(Dataset items)
..........

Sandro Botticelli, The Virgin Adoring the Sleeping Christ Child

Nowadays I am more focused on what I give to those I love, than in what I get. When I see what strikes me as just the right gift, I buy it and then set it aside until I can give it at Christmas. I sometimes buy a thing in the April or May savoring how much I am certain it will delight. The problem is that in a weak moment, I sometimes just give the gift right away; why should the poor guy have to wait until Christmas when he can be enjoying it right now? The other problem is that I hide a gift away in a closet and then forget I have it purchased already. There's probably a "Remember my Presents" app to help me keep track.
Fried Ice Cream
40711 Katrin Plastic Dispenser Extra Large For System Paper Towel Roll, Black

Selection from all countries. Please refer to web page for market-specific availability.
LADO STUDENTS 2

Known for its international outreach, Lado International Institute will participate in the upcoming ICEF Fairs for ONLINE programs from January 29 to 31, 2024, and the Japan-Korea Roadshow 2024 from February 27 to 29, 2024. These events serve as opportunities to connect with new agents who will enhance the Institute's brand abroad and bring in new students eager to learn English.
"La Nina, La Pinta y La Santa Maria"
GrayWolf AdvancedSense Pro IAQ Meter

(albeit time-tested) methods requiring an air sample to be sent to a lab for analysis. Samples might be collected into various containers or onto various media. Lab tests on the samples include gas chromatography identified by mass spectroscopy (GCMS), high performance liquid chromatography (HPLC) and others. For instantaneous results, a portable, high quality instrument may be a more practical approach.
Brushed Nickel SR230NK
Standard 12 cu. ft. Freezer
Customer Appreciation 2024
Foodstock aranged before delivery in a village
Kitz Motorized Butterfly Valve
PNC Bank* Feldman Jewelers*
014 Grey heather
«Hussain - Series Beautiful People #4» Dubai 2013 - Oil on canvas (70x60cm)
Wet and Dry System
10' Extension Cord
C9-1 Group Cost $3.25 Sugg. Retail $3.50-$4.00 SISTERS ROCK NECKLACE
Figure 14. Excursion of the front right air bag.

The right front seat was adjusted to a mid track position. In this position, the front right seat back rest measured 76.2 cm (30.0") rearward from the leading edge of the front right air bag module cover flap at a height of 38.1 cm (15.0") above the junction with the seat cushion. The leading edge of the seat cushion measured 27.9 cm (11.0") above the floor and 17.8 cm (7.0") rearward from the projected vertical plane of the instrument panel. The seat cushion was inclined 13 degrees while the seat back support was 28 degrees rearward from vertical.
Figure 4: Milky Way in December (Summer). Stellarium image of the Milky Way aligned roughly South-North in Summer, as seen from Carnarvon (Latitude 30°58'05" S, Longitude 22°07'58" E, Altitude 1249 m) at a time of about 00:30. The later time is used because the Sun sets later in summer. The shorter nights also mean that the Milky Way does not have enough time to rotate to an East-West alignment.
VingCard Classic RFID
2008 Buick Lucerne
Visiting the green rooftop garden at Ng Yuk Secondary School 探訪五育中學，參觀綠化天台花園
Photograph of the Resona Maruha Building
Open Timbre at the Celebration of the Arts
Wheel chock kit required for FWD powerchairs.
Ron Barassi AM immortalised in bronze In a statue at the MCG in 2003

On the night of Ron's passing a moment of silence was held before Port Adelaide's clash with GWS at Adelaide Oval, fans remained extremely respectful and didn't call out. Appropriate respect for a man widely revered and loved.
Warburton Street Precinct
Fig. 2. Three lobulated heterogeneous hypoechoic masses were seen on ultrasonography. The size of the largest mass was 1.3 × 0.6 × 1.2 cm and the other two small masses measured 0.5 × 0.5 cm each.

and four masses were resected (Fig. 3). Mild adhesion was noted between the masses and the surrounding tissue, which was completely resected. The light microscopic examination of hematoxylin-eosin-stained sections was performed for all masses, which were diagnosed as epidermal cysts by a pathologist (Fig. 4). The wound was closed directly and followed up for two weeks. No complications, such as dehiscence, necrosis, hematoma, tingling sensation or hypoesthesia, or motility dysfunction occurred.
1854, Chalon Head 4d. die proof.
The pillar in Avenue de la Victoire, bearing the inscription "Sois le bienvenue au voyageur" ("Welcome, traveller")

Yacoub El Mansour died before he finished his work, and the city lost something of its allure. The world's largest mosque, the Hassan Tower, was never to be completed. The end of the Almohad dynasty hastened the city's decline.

..........

**WORK REQUEST**
Every line of the data above is to be copied out exactly.

**SOLUTION BELOW**
Sandro Botticelli, The Virgin Adoring the Sleeping Christ Child

Nowadays I am more focused on what I give to those I love, than in what I get. When I see what strikes me as just the right gift, I buy it and then set it aside until I can give it at Christmas. I sometimes buy a thing in the April or May savoring how much I am certain it will delight. The problem is that in a weak moment, I sometimes just give the gift right away; why should the poor guy have to wait until Christmas when he can be enjoying it right now? The other problem is that I hide a gift away in a closet and then forget I have it purchased already. There's probably a "Remember my Presents" app to help me keep track.
Fried Ice Cream
40711 Katrin Plastic Dispenser Extra Large For System Paper Towel Roll, Black

Selection from all countries. Please refer to web page for market-specific availability.
LADO STUDENTS 2

Known for its international outreach, Lado International Institute will participate in the upcoming ICEF Fairs for ONLINE programs from January 29 to 31, 2024, and the Japan-Korea Roadshow 2024 from February 27 to 29, 2024. These events serve as opportunities to connect with new agents who will enhance the Institute's brand abroad and bring in new students eager to learn English.
"La Nina, La Pinta y La Santa Maria"
GrayWolf AdvancedSense Pro IAQ Meter

(albeit time-tested) methods requiring an air sample to be sent to a lab for analysis. Samples might be collected into various containers or onto various media. Lab tests on the samples include gas chromatography identified by mass spectroscopy (GCMS), high performance liquid chromatography (HPLC) and others. For instantaneous results, a portable, high quality instrument may be a more practical approach.
Brushed Nickel SR230NK
Standard 12 cu. ft. Freezer
Customer Appreciation 2024
Foodstock aranged before delivery in a village
Kitz Motorized Butterfly Valve
PNC Bank* Feldman Jewelers*
014 Grey heather
«Hussain - Series Beautiful People #4» Dubai 2013 - Oil on canvas (70x60cm)
Wet and Dry System
10' Extension Cord
C9-1 Group Cost $3.25 Sugg. Retail $3.50-$4.00 SISTERS ROCK NECKLACE
Figure 14. Excursion of the front right air bag.

The right front seat was adjusted to a mid track position. In this position, the front right seat back rest measured 76.2 cm (30.0") rearward from the leading edge of the front right air bag module cover flap at a height of 38.1 cm (15.0") above the junction with the seat cushion. The leading edge of the seat cushion measured 27.9 cm (11.0") above the floor and 17.8 cm (7.0") rearward from the projected vertical plane of the instrument panel. The seat cushion was inclined 13 degrees while the seat back support was 28 degrees rearward from vertical.
Figure 4: Milky Way in December (Summer). Stellarium image of the Milky Way aligned roughly South-North in Summer, as seen from Carnarvon (Latitude 30°58'05" S, Longitude 22°07'58" E, Altitude 1249 m) at a time of about 00:30. The later time is used because the Sun sets later in summer. The shorter nights also mean that the Milky Way does not have enough time to rotate to an East-West alignment.
VingCard Classic RFID
2008 Buick Lucerne
Visiting the green rooftop garden at Ng Yuk Secondary School 探訪五育中學，參觀綠化天台花園
Photograph of the Resona Maruha Building
Open Timbre at the Celebration of the Arts
Wheel chock kit required for FWD powerchairs.
Ron Barassi AM immortalised in bronze In a statue at the MCG in 2003

On the night of Ron's passing a moment of silence was held before Port Adelaide's clash with GWS at Adelaide Oval, fans remained extremely respectful and didn't call out. Appropriate respect for a man widely revered and loved.
Warburton Street Precinct
Fig. 2. Three lobulated heterogeneous hypoechoic masses were seen on ultrasonography. The size of the largest mass was 1.3 × 0.6 × 1.2 cm and the other two small masses measured 0.5 × 0.5 cm each.

and four masses were resected (Fig. 3). Mild adhesion was noted between the masses and the surrounding tissue, which was completely resected. The light microscopic examination of hematoxylin-eosin-stained sections was performed for all masses, which were diagnosed as epidermal cysts by a pathologist (Fig. 4). The wound was closed directly and followed up for two weeks. No complications, such as dehiscence, necrosis, hematoma, tingling sensation or hypoesthesia, or motility dysfunction occurred.
1854, Chalon Head 4d. die proof.
The pillar in Avenue de la Victoire, bearing the inscription "Sois le bienvenue au voyageur" ("Welcome, traveller")

Yacoub El Mansour died before he finished his work, and the city lost something of its allure. The world's largest mosque, the Hassan Tower, was never to be completed. The end of the Almohad dynasty hastened the city's decline.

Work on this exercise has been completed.